Initialize the core settings: assign the predictor variable and data directory, specify the path to the crop mask, and define the shapefile path. Identify the column in the shapefile that contains area or country names.

> **Important:** Be sure to set `invalid_values` to `None` if you do not wish to exclude unprocessed values from the dataset.

```python
predictor_name              = 'FPAR'
predictor_dir               = 'FPAR_Data'
mask_path                   = 'crop_mask/Percent_Maize.tif'
shapefile_path              = 'shapefile/gaul1_asap.shp'
interested_ROI              = ["Norway", "Spain"] 
country_column_name         = 'adm0_name' # Column's name contains countries in shapefile
invalid_values              =[255, 254, 251]  # Set None if no invalid Values
```
> :warning: **Caution:** An increase in ROI size may lead to system crashes due to insuffienct RAM size.

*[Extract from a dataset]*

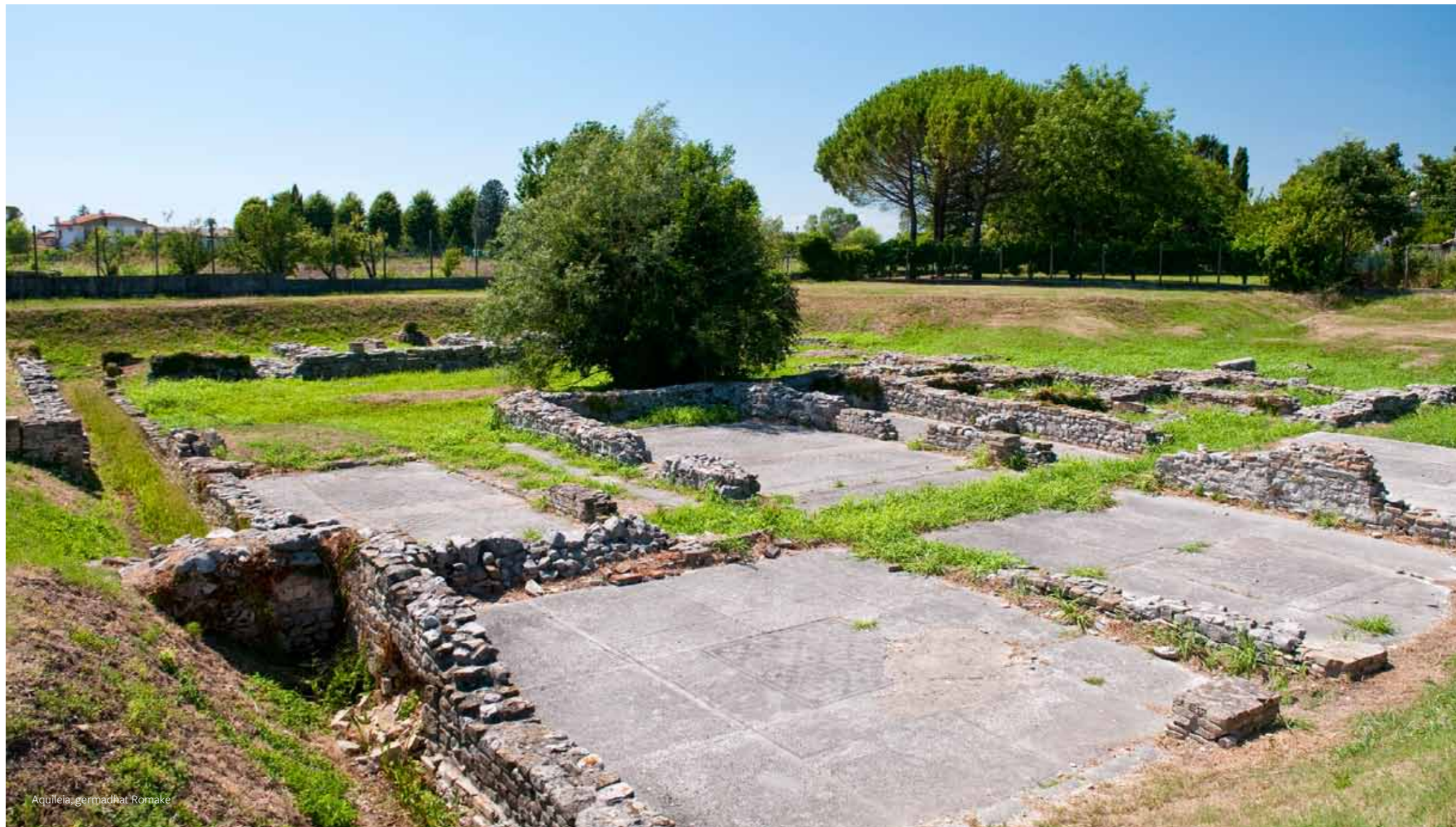
Aquileia, gerdhat Romake

Fondacioni Akvileja ( Fondazione Aquileia , www.fondazioneaquileia.it ) bashkarisht ne pranveren e vitit 2008 e ka themeluar ministrija per trashëgimin kulturore dhe veprimtari

### Initialize the EarthStat object
```python
aggregate_fpar = EarthStat(predictor_name)
```
### Initialize Predictor/Data Directory, Mask, and Shapefile Path

Set up the foundational paths for your data processing pipeline. This includes initializing the directory for the predictor data, the path for the mask file, and the location of the shapefile. Each step is crucial for ensuring that the subsequent data processing and analysis can proceed smoothly.

#### Example Usage:

```python
# Initialize the predictor data directory
aggregate_fpar.initDataDir(predictor_dir)

# Set the path for the mask file
aggregate_fpar.initMaskPath(mask_path)

# Define the location of the shapefile
aggregate_fpar.initShapefilePath(shapefile_path)
```

### Checking Data Compatibility
Evaluate the compatibility of projections and pixel sizes across the mask, raster, and shapefile to ensure seamless data integration. This check confirms that the projection systems align for the mask, raster, and shapefile, and it also verifies that the pixel sizes between the raster and mask are compatible.
```python
aggregate_fpar.DataCompatibility()
```
### Resolving Data Compatibility Issues
This section addresses how to rectify issues identified by the data compatibility check. It focuses on resolving mismatches in pixel size between the raster and mask, or discrepancies in the Coordinate Reference System (CRS) among the raster, mask, and shapefile. The objective is to ensure uniformity in scale, resolution, and geospatial alignment across all datasets involved in the analysis.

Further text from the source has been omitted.